## [Dataset records]
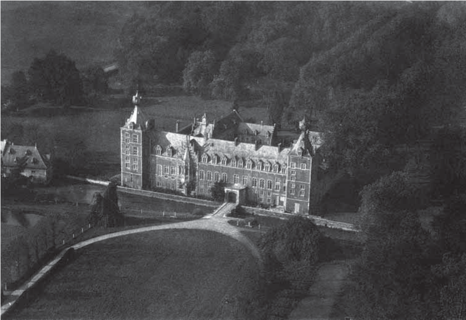
Afbeelding 3: Ongedateerde luchtfoto (vermoedelijk uit de jaren 1920) van het Arenbergkasteel en een deel van het omliggende park.

kon hebben op het stedelijk leefmilieu, was dus ook aan het begin van de jaren 1920 nog niet algemeen aanvaard. Rooien zonder te herbepanten werd door Le Libéral echter afgewezen als een 'extreme' suggestie. 41
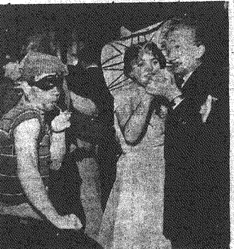
Kostiumowy Bal Prasy, jaki odbył się w ubiegłą sobotę w „Zróżdowej”, był imprezą nader udaną. Humor i kostiumy (patrz zdjęcie) dopisywały. O szczegółach napiszemy w sobotnim numerze „Słowa Tygodnia”.
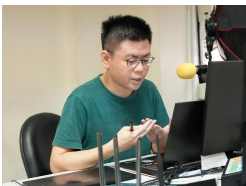
業師講解繪製技巧

學生實作期間，業師細心地為每個學生分別講解繪製時遇到的問題或沒注意到的部分，其中也包含針對個人作品的建議及修正，更舉例提出改善方向，讓學生的個人作品能更加精緻完整。本次活動共 9 位同學參與。
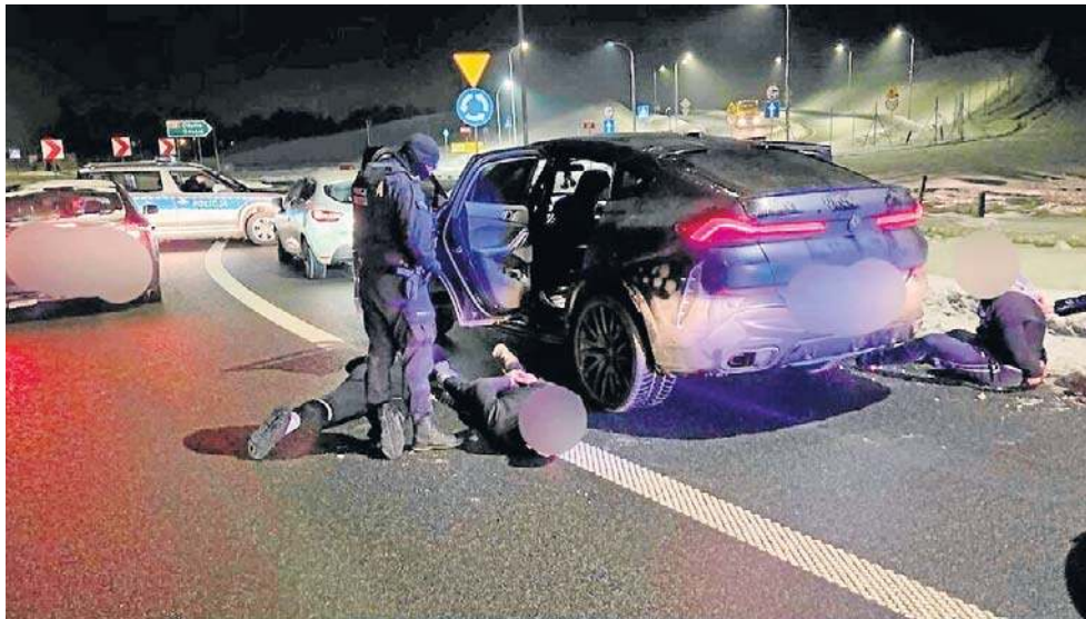
Do zdarzenia doszło w poniedziałek około godziny 19.40. Dyżurny pPolicji w Kościerzynie otrzymał zgłoszenie o wtargnięciu osób do obiektu sportowego.

Zatrzymani mają tłumaczyć, że przyjechali do Kościerzyny turystycznie. Jeden „odwiedzał babcię”, drugi „jadł kebab”.
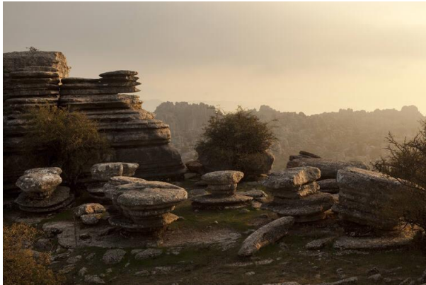
Slika 6: Iskopine dolemna u Antequeri
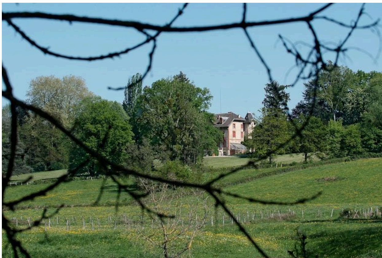
Château de Saint-Romain.
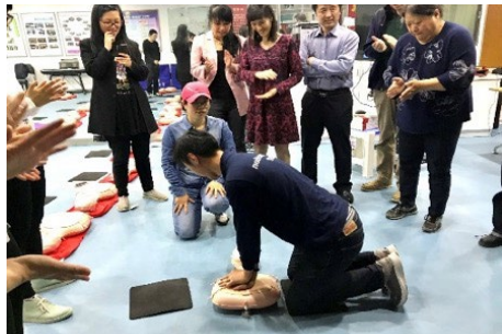
▲ 4月25日，机械系分工会举办心肺复苏急救知识讲座
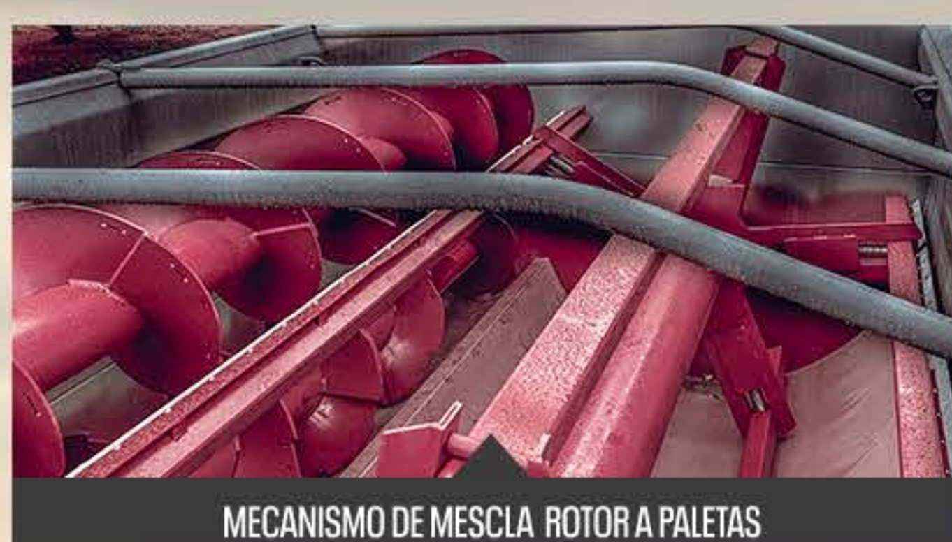
MECANISMO DE MEZCLA ROTOR A PALETAS
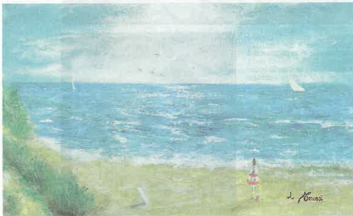
Uno dei bellissimi paesaggi del Maestro Luciano Tomasi (al Museo dell'Abbazia di Valvisciolo)

Tutti i colori della campagna pontina e romana catturati e riproposti dalla vena artistica del Maestro Luciano Tomasi fino a domani potranno essere ammirati presso la Sala Capitolare Museo dell'Abbazia di Valvisciolo. La personale, intitolata "I colori luminosi delle stagioni" propone un vero e proprio viaggio, poetico e suggestivo, tra paesaggi naturali e luminosi che si trasformano lungo il corso dell'anno. Oltre trenta le opere esposte, realizzate dall'artista negli ultimi due anni, dipinti di diverso formato e di tecniche, dall'acquerello, sanguigna, carboncino, seppia di china, incisioni, acqueforti, litografie, olii, tempera. «È possibile scorgere, nelle varie fasi nella sua pittura - leggiamo nelle note di presentazione - rimandi ad un passato, filtrato però da uno sguardo contemporaneo, come può evincersi dal luminoso trionfo della primavera ovvero dall'opera intitolata 'Alba sulla campagna pontina'. Il colore luminoso della luce che s'impone sul freddo oscuro, viene illuminato dall'intensa luce artificiale della nostra epoca». I dipinti ritraggono incantevoli paesaggi e suggestive marine; e così all'improvviso ci si trova davanti alle dune di Sabaudia o su distese di terreni dei poderi della bonifica. Lo studio del colore va di pari passo con l'osservazione della natura, dei suoi cambiamenti, dei fenomeni atmosferici. Tutte immagini che diventano un richiamo allo scorrere del tempo e delle stagioni stesse.
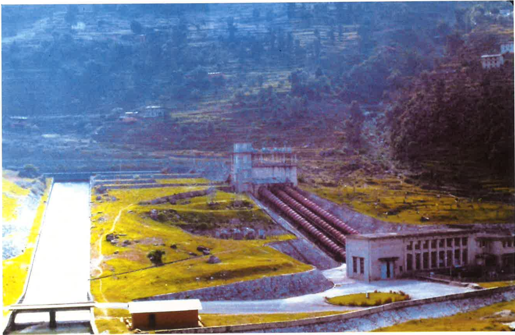
Sunkosi P.S. 中国の援助で1972年に完成した発電所(10,050kw)。道路も中国の援助で造られた。
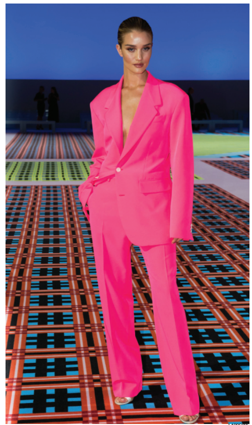
Rosie Huntington-Whiteley sfila per Versace alla Fashion Week di Milano RIGATELLI E SPINI — PP. 26-27
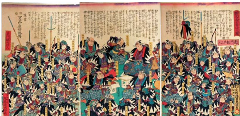
「誠忠義士首途之図」大判三枚続 三代目歌川豊国
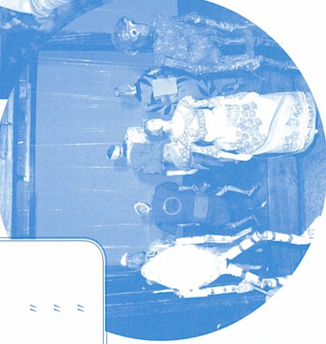
↑紙芝居を演じるお二人
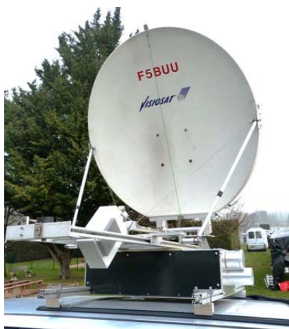
73 de Jean Claude F5BUU

Le rendez-vous annuel de "la Grande Bleue" aura lieu du 14 au 24 juin et rassemblera les passionnés d'hyperfréquences sur le pourtour méditerranéen. Les principaux préfixes activés seront EA, I, IS0, TK et bien sûr F. Pour plus de détails, voir le site :
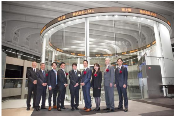
11 월 29 일 (화) 도쿄 증권 거래소 마더스 상장

회사명 : 주식회사 JMC ( URL: http://www.jmc-rp.co.jp/ ) 대표 : 대표이사 CEO 渡邊大知 氏 소재지 : 神奈川県横浜市港北区新横浜 2-5-5 住友不動産新横浜ビル 1F 설립 : 1992年12月18日 자본금 : 691,352,000円 사업내용 : 3D 프린터 출력, 구조, 검사 수탁
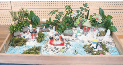
昨年作った「いけどうろう」

「いけどうろう」であそびましょう 土人形を作り、箱庭に飾ります。小学生は保護者同伴。開7月26日(土)、8月2日(土)午後1時半~3時半、10日(日)午後3時~4時(全3回) 定15組 料無料 託電話かはがき、ファクスに応募事項と性別を書いて7月15日(必着)までに同館へ。

## [Prompt]
What is needed is an exact copy of the lines above, from the one holding "Slika 6: Iskopine dolemna u Antequeri" down to the one holding "Uno dei bellissimi", with those two included and the pictures left out.

## [Exercise response]
Slika 6: Iskopine dolemna u Antequeri
Château de Saint-Romain.
▲ 4月25日，机械系分工会举办心肺复苏急救知识讲座
MECANISMO DE MEZCLA ROTOR A PALETAS
Uno dei bellissimi paesaggi del Maestro Luciano Tomasi (al Museo dell'Abbazia di Valvisciolo)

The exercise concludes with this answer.